Dr. Ian White: The biological system of the human body is very complex. And so, there's never going to be a silver bullet that's going to cure everything. And so, these products, what they do is they provide, again, the instruction manuals and the raw materials to allow the body to heal itself. But in combination with peptides and other cellular products, you're really giving the body a lot more of the resources it needs. So, just to clarify, MSCs are not stem cells, but they do produce exosomes that have signals that can modulate inflammation and promote healing.

So, when physicians are interested in using products like this, it's often a good idea to make sure the patient is doing everything they can to reduce sugar because sugar is one of the worst things you can do for aging. So, cutting out sugar is essential if you're considering regenerative medicine. But also the combination of peptides in an IV therapy to prepare the body for receiving regenerative medicine because all this is cumulative. It all works together in synergy with the body. So, that's how I imagine this evolving.

Dr. Jeffrey Gladden: Okay, that's perfect. Yeah, because we tend to think that way as well. We see this as a symphony, quite honestly, that's being played here.

Dr. Ian White: Yes. I use this analogy all the time. It's the analogy I use, symphony.

Dr. Jeffrey Gladden: Exactly. It's really a symphony. Okay, well, that's helpful to understand how that fits in. So, if we want to start using this in our clinic, we can talk to you or talk to somebody at Neobiosis and then start to bring the product in and put it in conjunction with other procedures and things that we happen to be doing. Is that understanding that correctly?

Dr. Ian White: We've recently submitted an IND to the FDA for a clinical trial using purified amniotic fluid to treat the post-COVID syndrome. So, we are working with physicians to get future INDs and IRB-approved protocols through the regulatory process. So, that's where I'm at right now.

Dr. Jeffrey Gladden: I have a couple of IRB-approved protocols, so maybe I'll talk to you about offline, or maybe what we'll do is we'll hold that for some bonus material on this podcast. We'll talk through some of the trials and what people can do to access that. So, let's move to outer space. So, space does age us, and we're exposed to more radiation and more damage. Lack of gravity is not a good thing for the body, quite honestly. It takes its toll. And so, talk us through a little bit about your understanding of what happens to us in space and then what your strategy is for compensating for that.

Dr. Ian White: So, it's really quite an unexplored area with, pardon the pun, but space is unexplored, but also our physiology in relation to space is largely unexplored as well. But what we do know is that the immune system becomes dysregulated in space. And so, we lose the ability to fight infections, and we lose the ability to heal the skin as well. So, minor injuries that would otherwise heal very easily on earth can become life-threatening in space. And so, what we're hoping to do are develop therapies using perinatal tissues that teach the body how to heal like it did when it was younger, to try to counteract as a countermeasure to what's happening in space.

And we still don't fully understand what's causing it. We know there's radiation, and as you mentioned, that just by being away from earth, just the being in microgravity has a significant effect as well. But there are other things at play that we just haven't even considered at this point. It's impossible to treat something without actually knowing the cause, except we do know that the body can heal itself. It has all the resources, and then when you supplement with this young tissue, you're able to give, again, the instruction manuals, the raw materials that the body needs to go through the process that it would normally go through.

Dr. Jeffrey Gladden: So, how are you testing this out? Is this on the International Space Station, or you're working with Elon Musk on something? How are you actually checking out how this is going to work?

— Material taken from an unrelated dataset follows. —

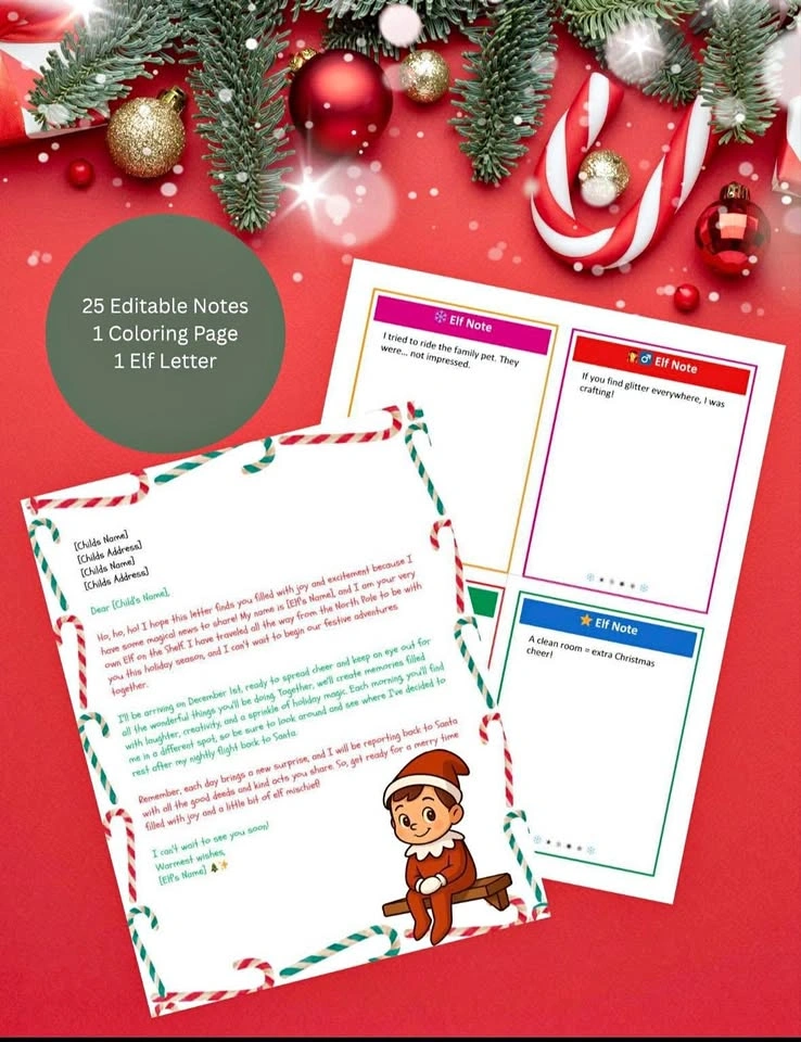 60Welcome back your Elf with this customizable letter! I can customize your child’s name and your elf’s name, along with 25 days of personal notes for your elf to leave your child/children! Also included is a fun colouring page!

Dr. Ian White: So, we're collaborating with companies that are already considering space travel. So, there's a very fascinating organization called Twin Orbit. And the idea there is that they are recruiting twins and triplets as controls to send some to space and to keep some on earth and treat them differently with various countermeasures to see what effects they have on the epigenetics, the glycan age on a lot of these patients as well because it's not just the epigenetics that changes. It's the oxidation level, and it's the glycan level.

And if the audience isn't familiar with what happens with glycation, that's essentially when we consume sugars, we cross-link our proteins, especially our collagens that are in our joints and around our joints. That's why we get stiffer. And it's often irreversible. It's very hard to get rid of. And so, aging is a process of glycation, which cross-link proteins, oxidation of proteins, and also methylation of DNA. And so, we're going to be measuring all those things, hopefully in conjunction with this group and others with controls of twins in space and twins on earth.

And, in fact, with triplets, it's going to be very exciting. We would have two triplets in space, one receiving a treatment, one not receiving a treatment, and then the third triplet on earth. So, I think we're going to generate some very robust and exciting data.

Dr. Jeffrey Gladden: Yeah. I wonder how many people are signing up for that. It sounds like quite the adventure, right? Quite the family adventure.

Dr. Ian White: Yeah. Well, now that space travel is becoming more affordable, we can have short-term excursions to space at very low costs relative to the initial costs. And so, these experiments have now become possible. Before we had to work with mice and redox and other species, and it doesn't really translate to what happens with humans. And so, we really need to get humans up there.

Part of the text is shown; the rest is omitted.